Transcribe the listing that follows in full, omitting pictures.

'''

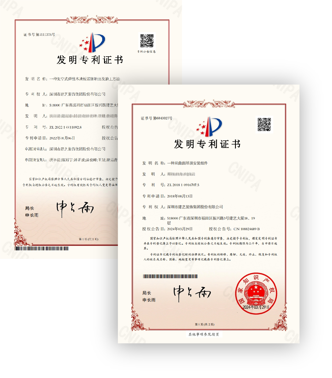 近日,建藝集團創新研發的“一種雙曲面吊頂安裝組件” “一種架空式彈性木地板裝飾地面及施工方法” “一種便于安裝的裝飾天花板”“一種具有吸音功能的室內墻板” “一種新型玻璃幕墻安裝結構”等7項發明專利和實用新型專利再次獲得國家知識產權局授權。
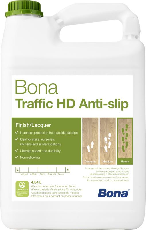 Bona Traffic HD Anti-slip possesses all the supreme features of Bona Traffic HD, but with the additional benefit of being formulated to meet the highest standards for slip resistance in commercial areas, staircases and other places with an increased risk of spillage or slipping.
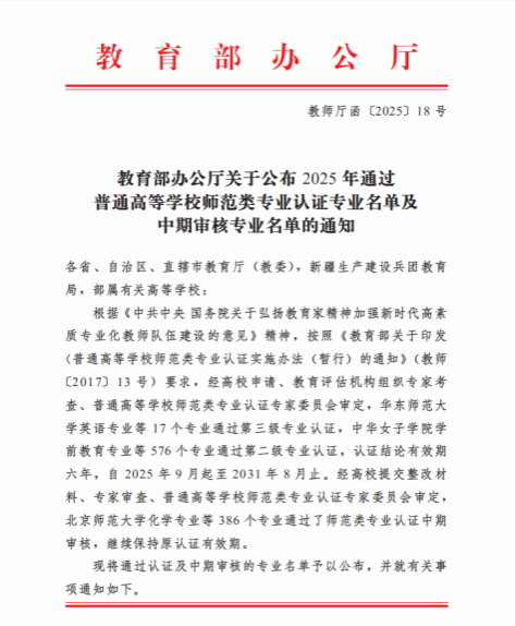 本网讯(记者 吴志伟)近日,教育部办公厅发布《关于公布2025年通过普通高等学校师范类专业认证专业名单及中期审核专业名单的通知》,我院思想政治教育专业成功通过普通高等学校师范类专业第二级认证。该专业同时成为伟德本年度通过此项认证的三个专业之一,标志着其师范类专业建设质量与人才培养水平获权威认可。
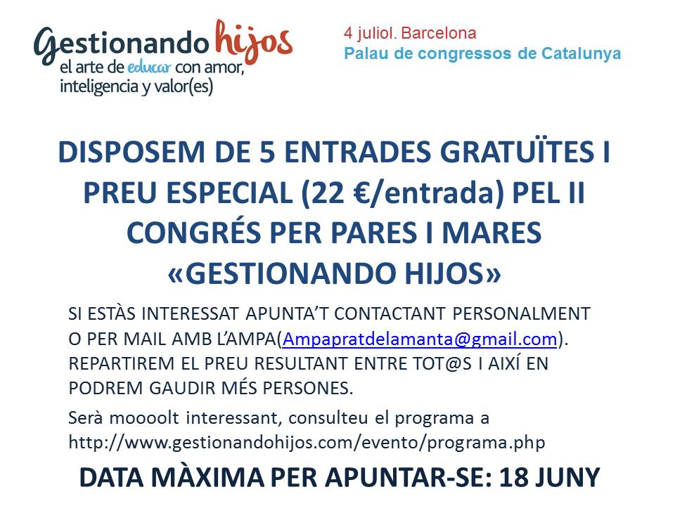 PREU ESPECIAL PEL CONGRÉS PER PARES I MARES “GESTIONANDO HIJOS” 16/06/2015 per AFA Prat de la Manta, posted in Educació Emocional, Sin categoría Accediu directament al programa a: http://www.gestionandohijos.com/evento/programa.php Descobriu-ne més des de Subscribe to get the latest posts sent to your email. Escriviu el vostre correu electrònic… Subscriu-me Comparteix això: Share on WhatsApp (S'obre en una nova finestra) WhatsApp Comparteix al Facebook (S'obre en una nova finestra) Facebook Share on X (S'obre en una nova finestra) X Email a link to a friend (S'obre en una nova finestra) Correu electrònic Imprimeix (S'obre en una nova finestra) Imprimeix M'agrada S'està carregant... Relacionado
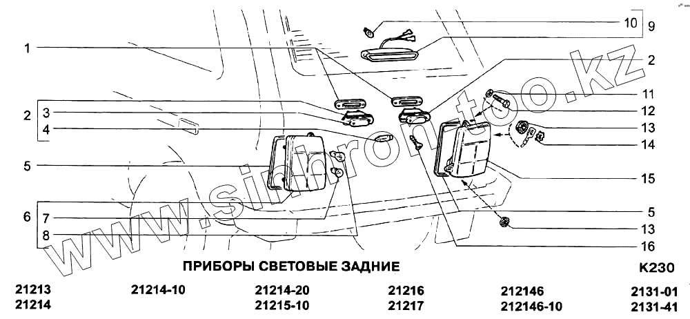 Каталог запасных частей к технике: ВАЗ-21213-214i (NIVA). Приборы световые задние
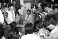5.18 특별소위원회 구성문제를 협의하고 있는 국회 법사위의 박희태 위원장과 민자당 변정일, 국민회의 조홍규 간사
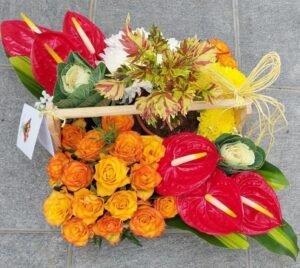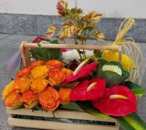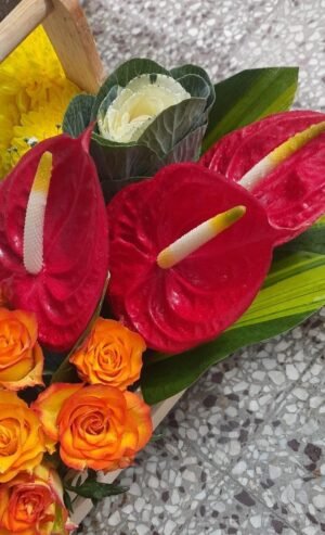 Mixed Flowers | Wooden Basket | Best online florist | Midnight Delivery | Gurgaon| India
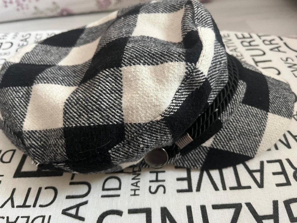 Gri tonlarda ekose desenli şapka Paris tarzı sokak modasına uygun, trend ve rahat bir görünüme sahiptir. .
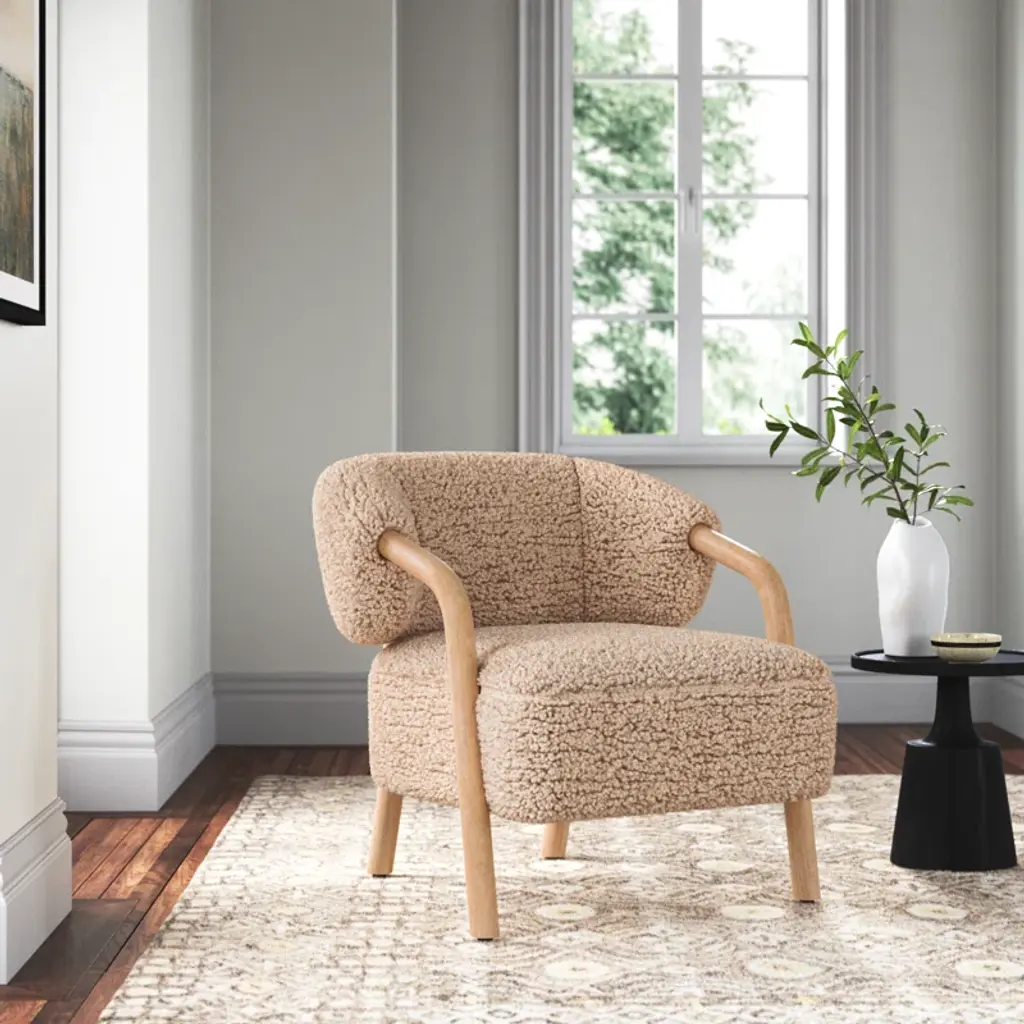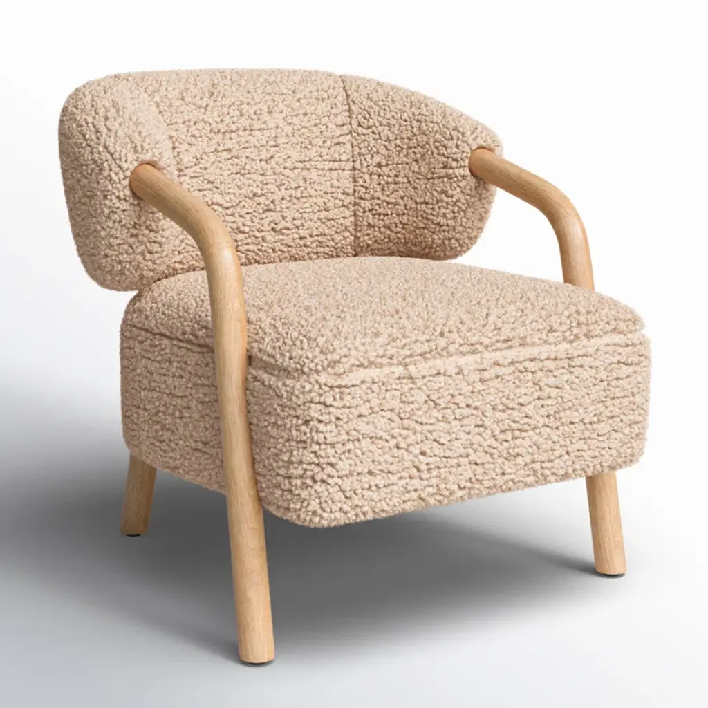 Cozy meets modern. Our sculpted armchair, inspired by 1970s seating, features a high-pile texture and bulky forms for ultimate relaxation. The solid oak frame in brown beautifully complements the soft, neutral upholstery. Round arms and a tight back create a welcoming silhouette, while sinuous springs and fiber-wrapped foam cushions offer comfort and support. This armchair is a stylish addition to any living space. Arrives fully assembled.
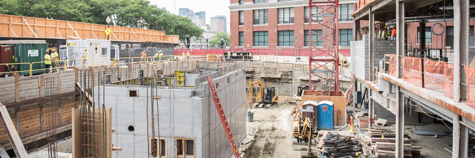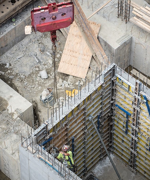 - 現在進行中の別の高層建設現場に直接隣接するプロジェクトを安全に管理するための高度に調整された物流
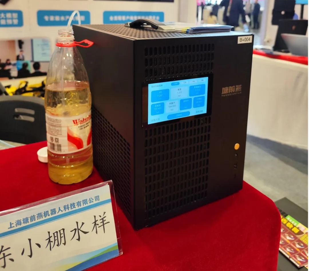 上海塘前燕机器人科技有限公司在水质分析仪上加入自主研发的AI大模型智能体。展位的其中一位工作人员介绍,将水质分析仪的测试管连上要测试的水体,直接点击屏幕中想要检测的水质选项,如pH/氨氮/亚硝酸盐氮/钙离子/镁离子/总硬度/总碱度等即可,系统会自动解读并分析水质指标。检测结果会永久存档。
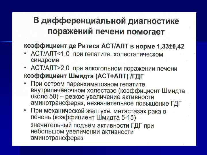 Факторы, определяющие скорость высвобождения ферментов из повреждённых тканей: Концентрационный градиент – ферменты с более высокими концентрационными градиентами быстрее уходят из клетки, чем энзимы с меньшими градиентами. ЛДГ – содержание в гепатоцитах в 3000 раз выше, чем вне клеток, а в эритроцитах –только в 200 раз. Отношение внутриклеточной активности к внеклеточной для ферментов печени: 50000: 1 –сорбитол. ДГ, 20000: 1 –алкоголь. ДГ, 10000: 1 для Ас. АТ и Ал. АТ. n Размер и мол. масса : более мелкие молекулы диффундируют с большими скоростями, чем крупные; с меньшей относительной мол. Массой высвобождаются на ранней стадии повреждения. n Внутриклеточная локализация ферментов: наиболее легко высвобождаются локализованные в цитозоле клетки Быстрое повреждение относительно небольшого числа клеток (вирусный гепатит) может приводить к очень значительному повышению уровней ферментов в крови, которое понижается по мере выздоровления. Наоборот, при развившемся циррозе степень поражения печени может быть значительно больше, но скорость активного повреждения клеток часто низкая и содержание ферментов в крови бывает лишь незначительно повышено или даже остаётся в пределах нормы. n

'''

**Answer to the problem**
 近日,建藝集團創新研發的“一種雙曲面吊頂安裝組件” “一種架空式彈性木地板裝飾地面及施工方法” “一種便于安裝的裝飾天花板”“一種具有吸音功能的室內墻板” “一種新型玻璃幕墻安裝結構”等7項發明專利和實用新型專利再次獲得國家知識產權局授權。
 Bona Traffic HD Anti-slip possesses all the supreme features of Bona Traffic HD, but with the additional benefit of being formulated to meet the highest standards for slip resistance in commercial areas, staircases and other places with an increased risk of spillage or slipping.
 本网讯(记者 吴志伟)近日,教育部办公厅发布《关于公布2025年通过普通高等学校师范类专业认证专业名单及中期审核专业名单的通知》,我院思想政治教育专业成功通过普通高等学校师范类专业第二级认证。该专业同时成为伟德本年度通过此项认证的三个专业之一,标志着其师范类专业建设质量与人才培养水平获权威认可。
 PREU ESPECIAL PEL CONGRÉS PER PARES I MARES “GESTIONANDO HIJOS” 16/06/2015 per AFA Prat de la Manta, posted in Educació Emocional, Sin categoría Accediu directament al programa a: http://www.gestionandohijos.com/evento/programa.php Descobriu-ne més des de Subscribe to get the latest posts sent to your email. Escriviu el vostre correu electrònic… Subscriu-me Comparteix això: Share on WhatsApp (S'obre en una nova finestra) WhatsApp Comparteix al Facebook (S'obre en una nova finestra) Facebook Share on X (S'obre en una nova finestra) X Email a link to a friend (S'obre en una nova finestra) Correu electrònic Imprimeix (S'obre en una nova finestra) Imprimeix M'agrada S'està carregant... Relacionado
 Каталог запасных частей к технике: ВАЗ-21213-214i (NIVA). Приборы световые задние
5.18 특별소위원회 구성문제를 협의하고 있는 국회 법사위의 박희태 위원장과 민자당 변정일, 국민회의 조홍규 간사
 Mixed Flowers | Wooden Basket | Best online florist | Midnight Delivery | Gurgaon| India
 Gri tonlarda ekose desenli şapka Paris tarzı sokak modasına uygun, trend ve rahat bir görünüme sahiptir. .
 Cozy meets modern. Our sculpted armchair, inspired by 1970s seating, features a high-pile texture and bulky forms for ultimate relaxation. The solid oak frame in brown beautifully complements the soft, neutral upholstery. Round arms and a tight back create a welcoming silhouette, while sinuous springs and fiber-wrapped foam cushions offer comfort and support. This armchair is a stylish addition to any living space. Arrives fully assembled.
 - 現在進行中の別の高層建設現場に直接隣接するプロジェクトを安全に管理するための高度に調整された物流
 上海塘前燕机器人科技有限公司在水质分析仪上加入自主研发的AI大模型智能体。展位的其中一位工作人员介绍,将水质分析仪的测试管连上要测试的水体,直接点击屏幕中想要检测的水质选项,如pH/氨氮/亚硝酸盐氮/钙离子/镁离子/总硬度/总碱度等即可,系统会自动解读并分析水质指标。检测结果会永久存档。
 Факторы, определяющие скорость высвобождения ферментов из повреждённых тканей: Концентрационный градиент – ферменты с более высокими концентрационными градиентами быстрее уходят из клетки, чем энзимы с меньшими градиентами. ЛДГ – содержание в гепатоцитах в 3000 раз выше, чем вне клеток, а в эритроцитах –только в 200 раз. Отношение внутриклеточной активности к внеклеточной для ферментов печени: 50000: 1 –сорбитол. ДГ, 20000: 1 –алкоголь. ДГ, 10000: 1 для Ас. АТ и Ал. АТ. n Размер и мол. масса : более мелкие молекулы диффундируют с большими скоростями, чем крупные; с меньшей относительной мол. Массой высвобождаются на ранней стадии повреждения. n Внутриклеточная локализация ферментов: наиболее легко высвобождаются локализованные в цитозоле клетки Быстрое повреждение относительно небольшого числа клеток (вирусный гепатит) может приводить к очень значительному повышению уровней ферментов в крови, которое понижается по мере выздоровления. Наоборот, при развившемся циррозе степень поражения печени может быть значительно больше, но скорость активного повреждения клеток часто низкая и содержание ферментов в крови бывает лишь незначительно повышено или даже остаётся в пределах нормы. n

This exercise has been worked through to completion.